India’s magnet mission faces a growing supply-chain gap as dependence on China deepens across finished magnets and the machines that produce them

November 27, 2025 / 16:46 IST
Building rare earth independence

India’s Rs 7,280-crore plan to cut dependence on permanent magnets imports comes as the country’s reliance on China for both magnets and the equipment needed to make them has risen sharply, a Moneycontrol analysis shows. Permanent magnets, used in electric vehicles, wind turbines, defence systems, electronics and renewable energy, remain overwhelmingly import-dependent even as local demand accelerates.

Permanent dependence?

Over the past decade, India’s permanent magnet imports have expanded rapidly. Total imports grew from about $65 million in 2013 to more than $198 million in 2024, before easing this year.

China now accounts for over 80 percent of India’s magnet imports, up from 73–75 percent a decade ago. Other exporters such as South Korea, Germany, Japan and Malaysia remain far behind.

Even in 2025, despite restrictions, China held an 80 percent share in India’s imports of permanent magnets made of metals.

India’s dependence extends to machinery as well

The dependence is no longer limited to finished magnets. Imports of specialised equipment used in rare-earth separation, refining, alloy production and magnet manufacturing have surged from $1.07 billion in FY18 to $2.47 billion in FY25. China’s role in this segment has grown even faster: imports of such machinery from China jumped from $263 million in FY18 to $1.1 billion in FY25. Its share in India’s machinery imports has nearly doubled — from 24.6 percent to 44.6 percent — the highest in this period.


The machinery sourced from China includes sedimentation and crystallisation agitators, magnetron sputtering and coating systems, winding and laminating machines, industrial mixers, electrolysers for metal extraction, and high-temperature processing furnaces. Imports of magnet-making systems alone have risen fivefold to $864 million, while imports of electrolysers have tripled. China has also overtaken Japan and Germany as India’s largest supplier in several advanced categories.

This growing dependence comes at a sensitive time for global rare-earth supply chains. In October, China’s Ministry of Commerce and General Administration of Customs announced new export controls on key rare-earth technologies and equipment, tightening access worldwide.

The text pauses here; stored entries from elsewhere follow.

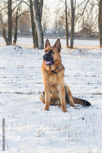 © Elenglush, Naklejka premium Dog german shepherd in a park in a winter day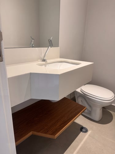 Banheiros e Lavabos: Gabinetes, nichos, armários com espelho e bancadas.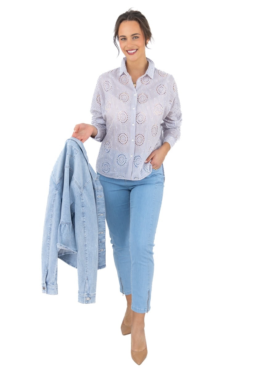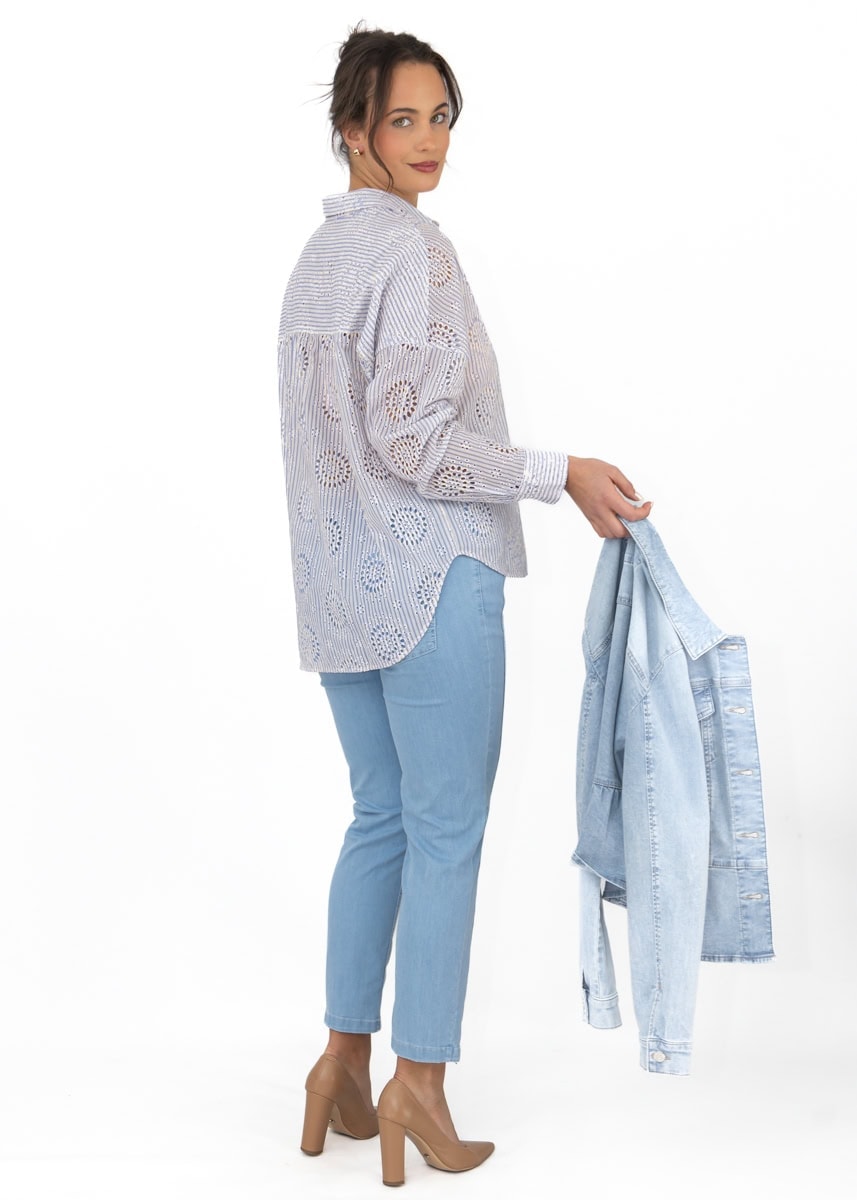 This look layers soft tones and structured shapes. A refined take on casual denim.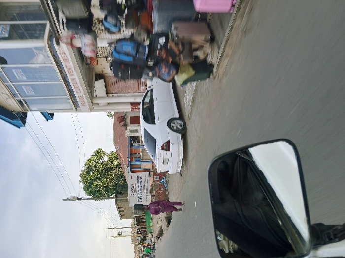 A daytime street scene in Gweru, Zimbabwe, is captured from a vehicle's perspective, with its right side mirror dominating the lower foreground, reflecting dark interior upholstery. The scene features an asphalt road flanked by commercial structures and a dirt shoulder. On the right, a two-story building, identified by a sign as "PRAISE CURTAIN VENTURES," displays numerous backpacks, handbags, and luggage, including a prominent pink suitcase, on exterior racks. An obscured individual is seated near this merchandise. Centered on the left, a white sedan is parked, partially on the dirt shoulder. Further left, a male pedestrian, wearing a purple tunic and trousers, walks away from the viewer on the dirt shoulder, carrying an item on his head. A blue and white sign for "TOSA DIAGNOSTICS MOLECULAR DIAGNOSTICS & RESEARCH LABORATORY" stands behind the white sedan. The background includes various single-story buildings with mixed architecture, a prominent green tree, and a utility pole with overhead power lines against a hazy sky.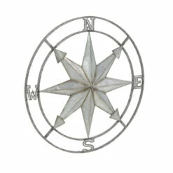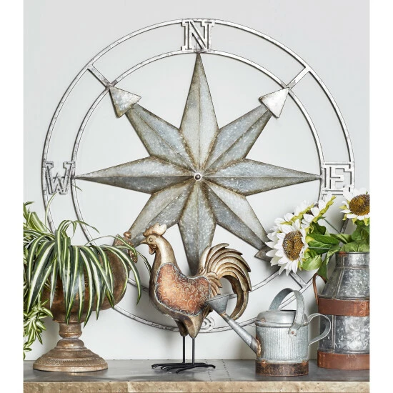 Decorate your home with this beautiful yet affordable compass wall decor from Studio 350. It features a fir wood and iron-made compass designed with a round slat, eight metal spokes, four arrow tips and stencil-style outline cardinal directions. Its distressed silver finish brings a rustic charm to this piece. Place this unique piece of art on your walls today and see how it can accentuate your space.

Given China’s near-monopoly in rare-earth refining, the move has major implications for countries seeking to build domestic capability, including India.

Can the new scheme turn fortunes?

Against this backdrop, the Union Cabinet earlier this week approved a Rs 7,280-crore scheme to develop an integrated ecosystem for sintered rare-earth permanent magnets. The programme includes Rs 6,450 crore in sales-linked incentives and Rs 750 crore in capital support over seven years, to establish at least 6,000 MTPA of domestic magnet-manufacturing capacity.

The scheme covers the full value chain from rare-earth oxides to metals, alloys and finished magnets aiming to reduce import dependence and lay the foundation for a domestic magnet industry.